Question

A 13.5 nC charge is at x = 0cm and a -1.2 nC charge is at x = 4 cm .

Part A

At what point or points on the x-axis is the electric potential zero?

Express your answer using two significant figures.

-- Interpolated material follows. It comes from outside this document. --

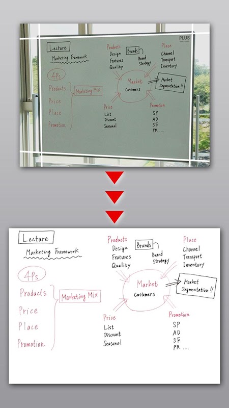 App Điều này làm cho nó dễ dàng để tổ chức các bài viết bảng trắng bằng cách tối ưu hóa hình ảnh chụp bằng cách sử dụng công nghệ độc đáo nhận dạng khung hình cũng như chỉnh sửa đá chính. Các dữ liệu được lưu có thể được tổ chức theo các thư mục, gửi qua e-mail, gửi cho Evernote, Dropbox và có thể được lưu vào Camera Roll.

If there is more than one answer, give each answer separated by a comma.

Answer 1

The electric potential due to multiple charges is:

V = kQ1/r1 + kQ2/r2

where k = 1/(4*π*ε) ~ 9*10^9

Let "x" be the location of a point being tested for potential:

If between the two charges:

V = k*Q1/(x - 0) + k*Q2/(.04 - x) = 0

The "k" cancels:

Q1*(.04 - x) + Q2*x = 0

x*(Q2 - Q1) = -.04*Q1

x = -.04*Q1/(Q2 - Q1) = -.04*13.5*10^-9/(-1.2*10^-9 - 13.5*10^-9) = .036 m, or 3.6 cm

If below the origin, using "-x" keeps the first radius value positive :

V/k = Q1/(-x) + Q2/(.04 - x) = 0

Q1*(.04 - x) + Q2*(-x) = 0

x(-Q1 - Q2) = -.04*Q1

x = .04*Q1/(Q1 + Q2) = .043m, but this is not an "x" value on the negative axis, so the only true zero on the negative axis is x = -∞. When "r" approaches infinity, the denominator radius drives all of the contributing potentials to zero.

Above 0.04 on the positive x-axis:

V/k = Q1/(x) + Q2/(x - .04) = 0

Q1*(x - .04) + Q2*x = 0

x*(Q1 + Q2) = .04*Q1

x = .04*Q1/(Q1 + Q2) = .04*13.5*10^-9/(13.5*10^-9 - 1.2*10^-9) = .043 m or 4.3 cm.